Collection entries
==================================================

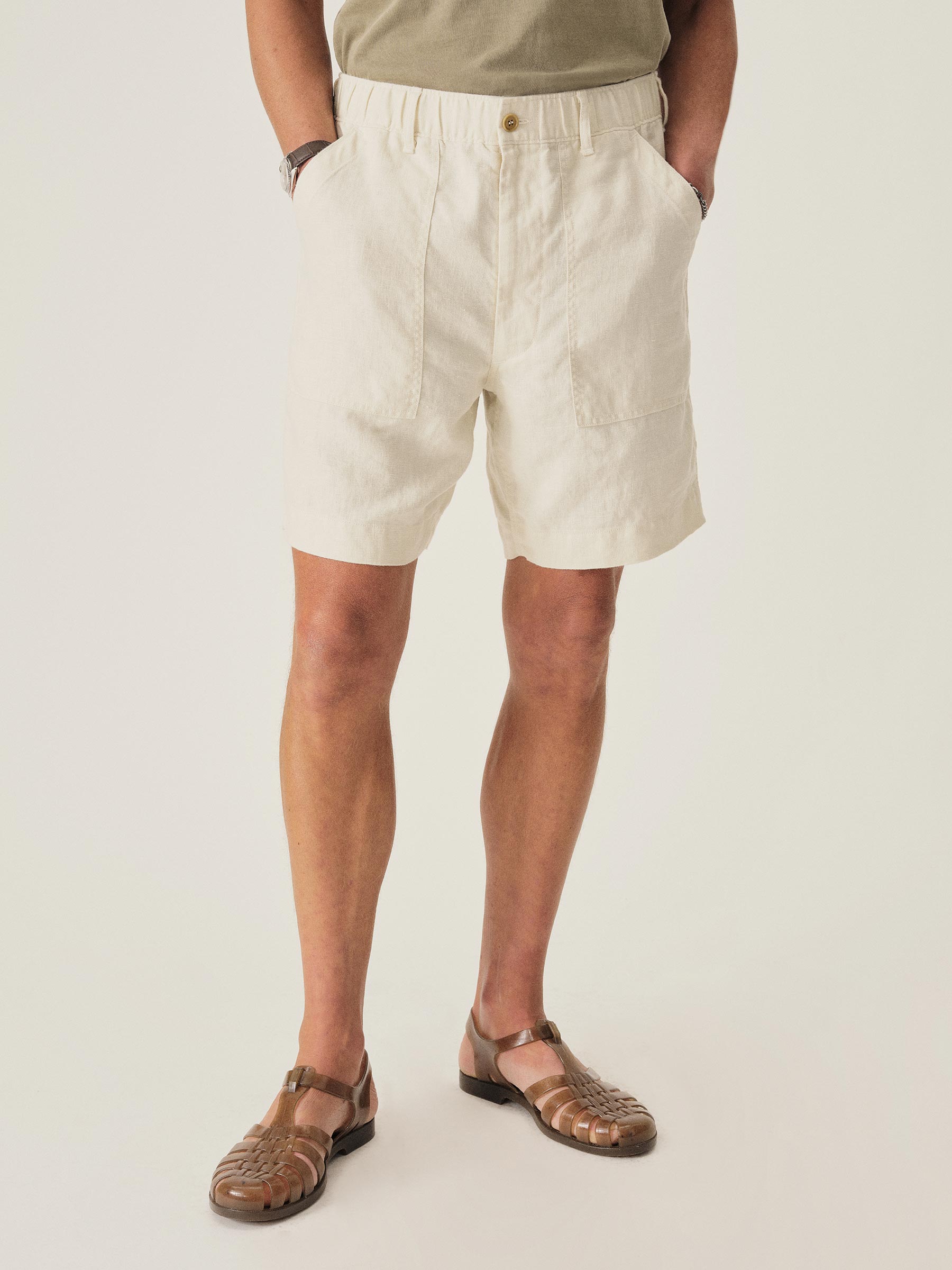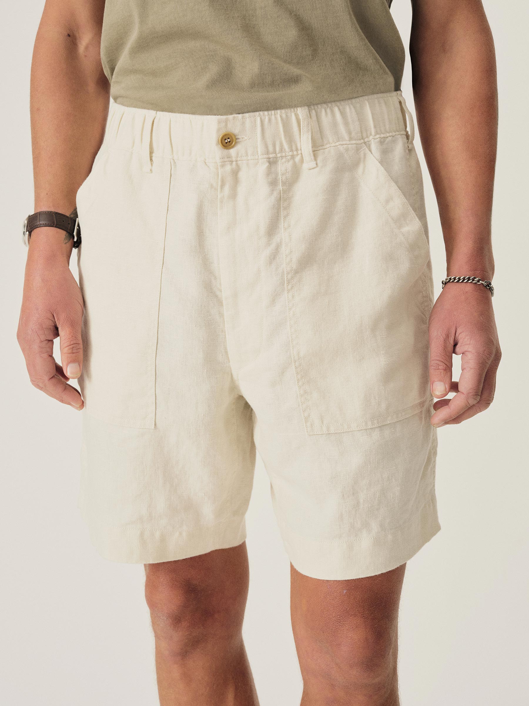 Classic fit fatigue short. This 7 oz. linen has a loose, airy weave that breathes easily, and it’s been washed for a lived-in feel. Details include two front patch pockets, two back patch pockets, an encased elastic waist with drawcord, and corozo buttons. Garment washed with enzymes and softener for a lived-in feel. Button and zip closure.
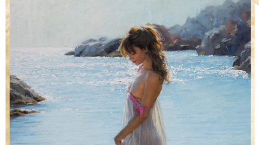 Полуобнаженная девушка, появляющаяся из моря, невольно отсылает к облику Афродиты пера Ботичелли. Нечто божественно-прекрасное есть в изящной фигуре героини. Поза, в которой девушка застенчиво прикрывается от зрителя, и цвет волос усиливают аналогию. Воздушная ткань едва просвечивает тонкие изгибы тела, взгляд опущен в легком смущении. Слегка заметная нагота смотрится натурально и естественно, играя романтичные ноты женского начала. На море полный штиль, а невысокие скалы скорее выполняют роль обрамления картины, создавая чувство защищенности и уюта...
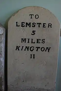 Leominster (/ˈlɛmstər/ ⓘ LEM-stər) is a market town in Herefordshire, England; it is located at the confluence of the River Lugg and its tributary the River Kenwater. The town is 12 miles (19 kilometres) north of Hereford and 7 miles (11 kilometres) south of Ludlow in Shropshire. With a population of almost 12,000,[2] Leominster is the largest of the five towns in the county; the others being Ross-on-Wye, Ledbury, Bromyard and Kington.
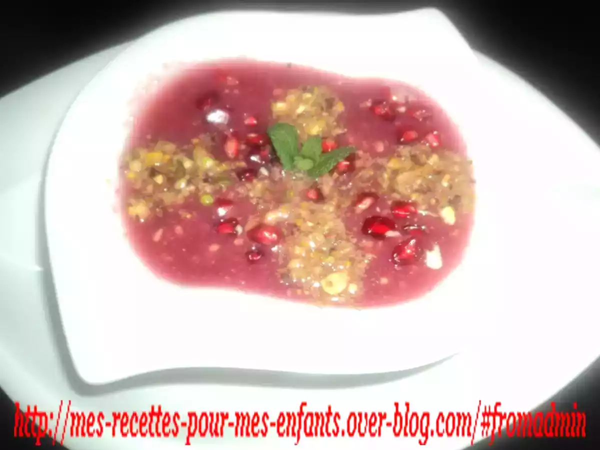 Dessert de soupe de grenade à la menthe et pistache Dessertfacile15 min269 Kcal Envoyer cette recette à un ami Imprimer cette page Poser une question à l'auteur Publier votre photo de cette recette Ingrédients 4 1 kg de graines de grenade 1 cuillères à soupe jus de citron 4 feuilles de menthe 3 cuillères à soupe de sucre 1 cc d'eau de rose 1 poignée de pistaches grossièrement hachées
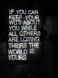 Phrase with special meaning functioning as verb--for example put their heads together come to an end be alert mantenerse alerta loc verb locución verbal. Dont panic just because those two angry northerners Rezin of Aram and Pekah Remaliahs son threaten you and say. To be ready to think quickly in a situation and react to things that you are not expecting. If you can keep your wits about you while all others are losing theirs and blaming you. English Polish Contextual examples of keep your wits about you in Polish. See more ideas about words words of wisdom inspirational quotes. If you can keep your wits about you while all others are losing theirs and blaming you.
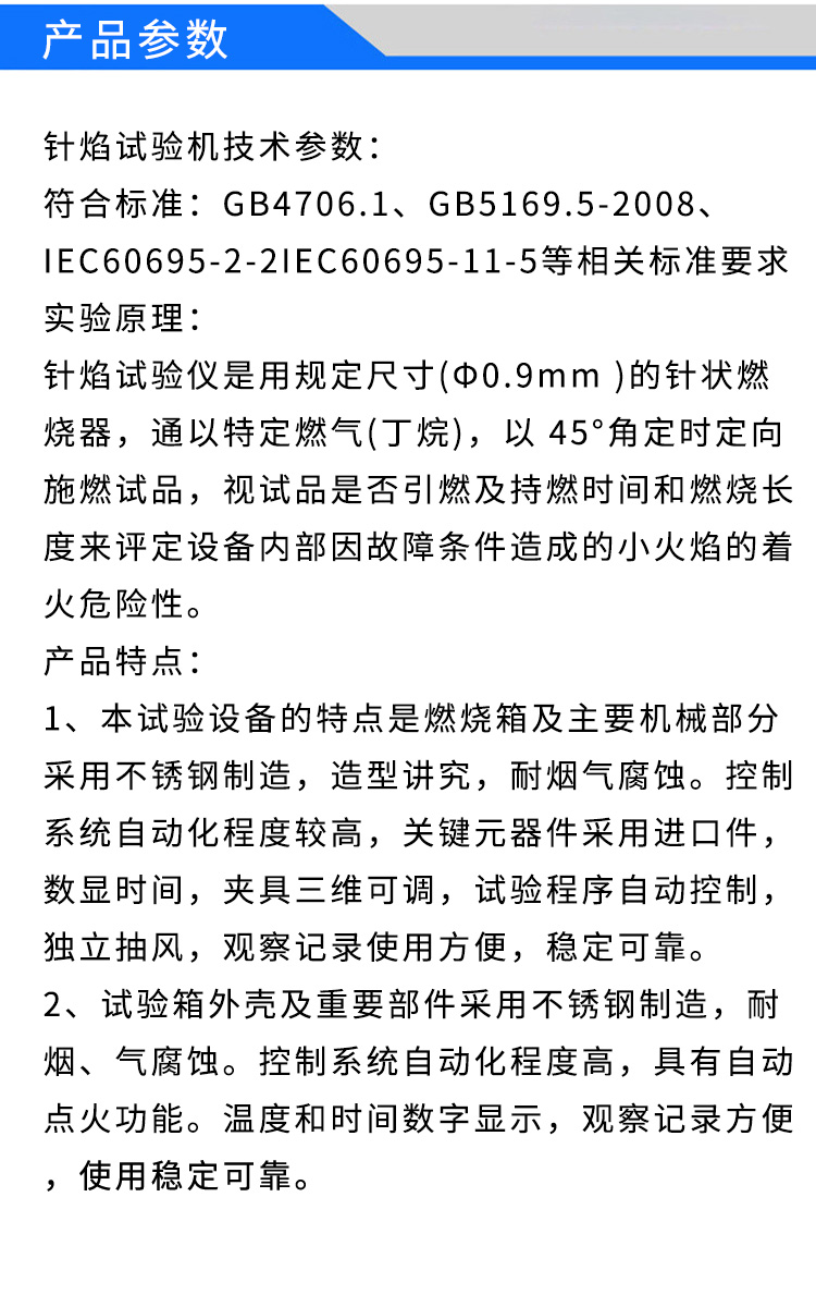 針焰試驗(yàn)機(jī) 烤漆款,符合標(biāo)準(zhǔn):GB4706.1、GB5169.5-2008、 IEC60695-2-2IEC60695-11-5等相關(guān)標(biāo)準(zhǔn)要求實(shí)驗(yàn)原理:針焰試驗(yàn)儀是用規(guī)定尺寸(Φ0.9mm )的針狀燃燒器,通以特定燃?xì)?丁烷),以 45°角定時(shí)定向施燃試品,視試品是否引燃及持燃時(shí)間和燃燒長(zhǎng)度來評(píng)定設(shè)備內(nèi)部因故障條件造成的小火焰的著火危險(xiǎn)性。產(chǎn)品特點(diǎn):1、

==================================================

- [TASK OBJECTIVE]:
Repeat the data verbatim through the "Полуобнаженная девушка, появляющаяся" line, no pictures.

- [WORKED SOLUTION]:
 Classic fit fatigue short. This 7 oz. linen has a loose, airy weave that breathes easily, and it’s been washed for a lived-in feel. Details include two front patch pockets, two back patch pockets, an encased elastic waist with drawcord, and corozo buttons. Garment washed with enzymes and softener for a lived-in feel. Button and zip closure.
 Полуобнаженная девушка, появляющаяся из моря, невольно отсылает к облику Афродиты пера Ботичелли. Нечто божественно-прекрасное есть в изящной фигуре героини. Поза, в которой девушка застенчиво прикрывается от зрителя, и цвет волос усиливают аналогию. Воздушная ткань едва просвечивает тонкие изгибы тела, взгляд опущен в легком смущении. Слегка заметная нагота смотрится натурально и естественно, играя романтичные ноты женского начала. На море полный штиль, а невысокие скалы скорее выполняют роль обрамления картины, создавая чувство защищенности и уюта...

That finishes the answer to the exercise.